• [Try it]:
Reproduce the lines below verbatim. Pictures are to be omitted.
====== Given material
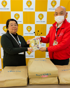 生活協同組合コープこうべ様から1㎏のお米を48袋ご寄付いただきました!
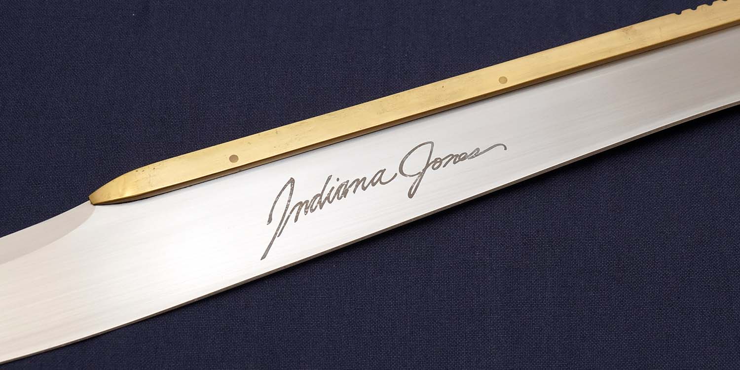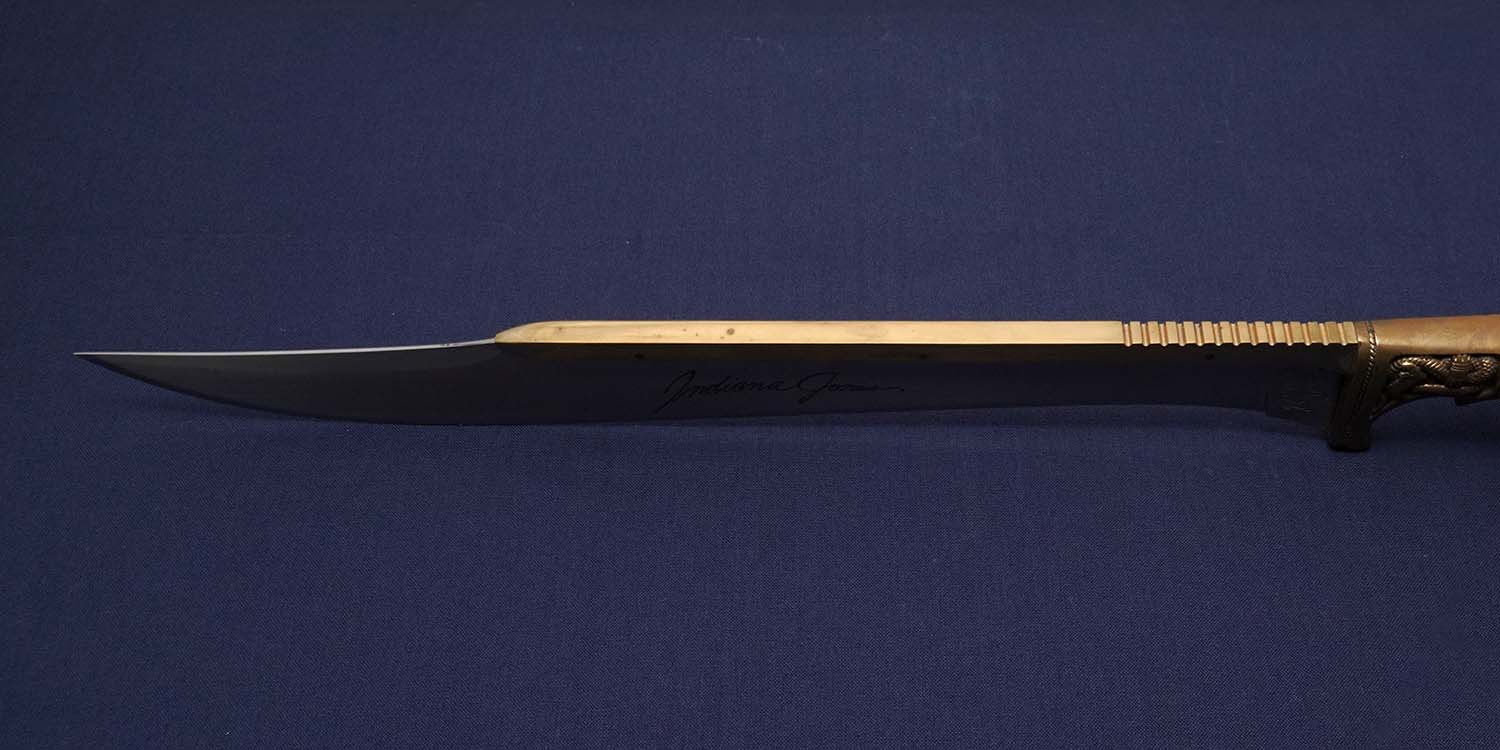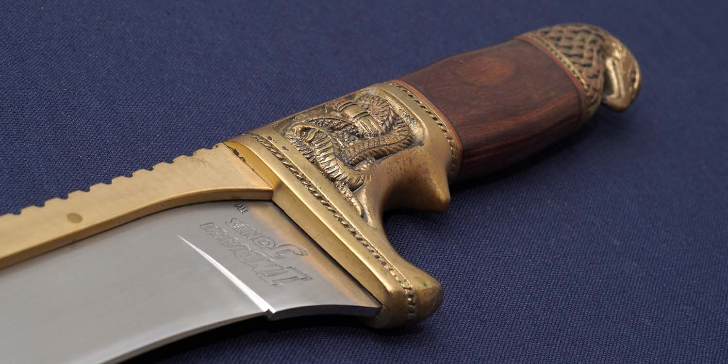 ジョージ・ルーカスの名作映画「インディ・ジョーンズ魔宮の伝説」に登場したボウイナイフのレプリカです。Made in Taiwan 1989年製。
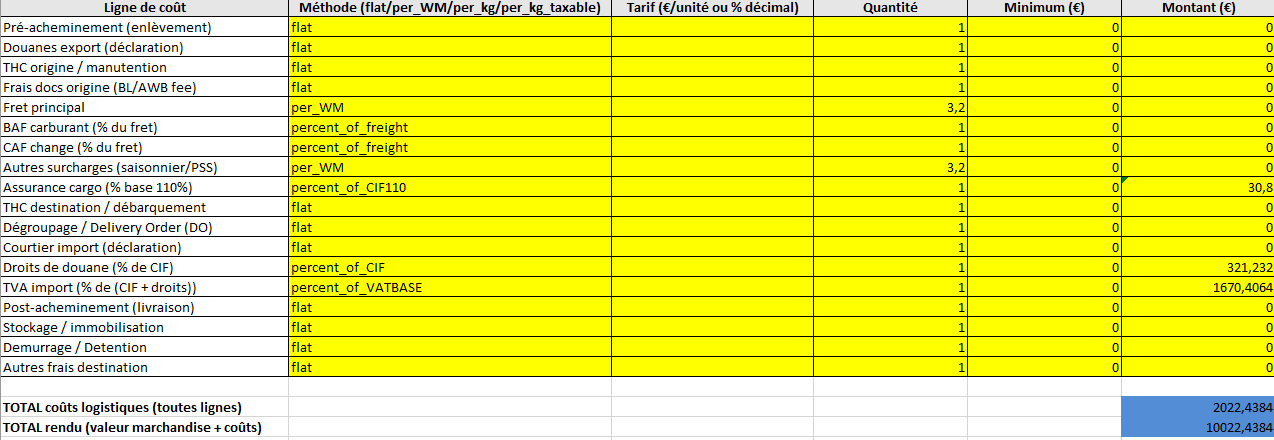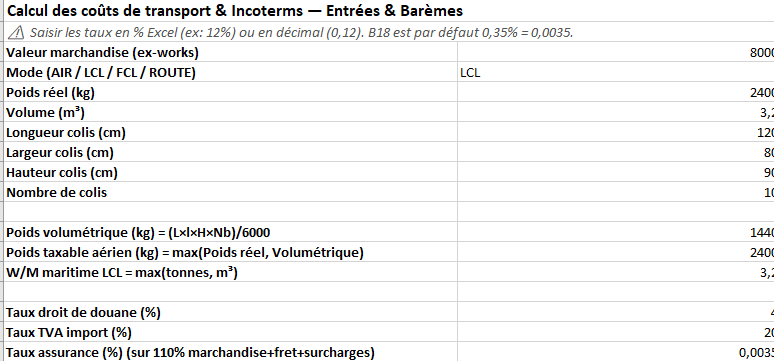 12%ou0,12(les deux marchent). - Le coût rendu total reste identique d’un Incoterm à l’autre ; seule la répartition change.
============
• [Answer to the exercise]:
 生活協同組合コープこうべ様から1㎏のお米を48袋ご寄付いただきました!
 ジョージ・ルーカスの名作映画「インディ・ジョーンズ魔宮の伝説」に登場したボウイナイフのレプリカです。Made in Taiwan 1989年製。
 12%ou0,12(les deux marchent). - Le coût rendu total reste identique d’un Incoterm à l’autre ; seule la répartition change.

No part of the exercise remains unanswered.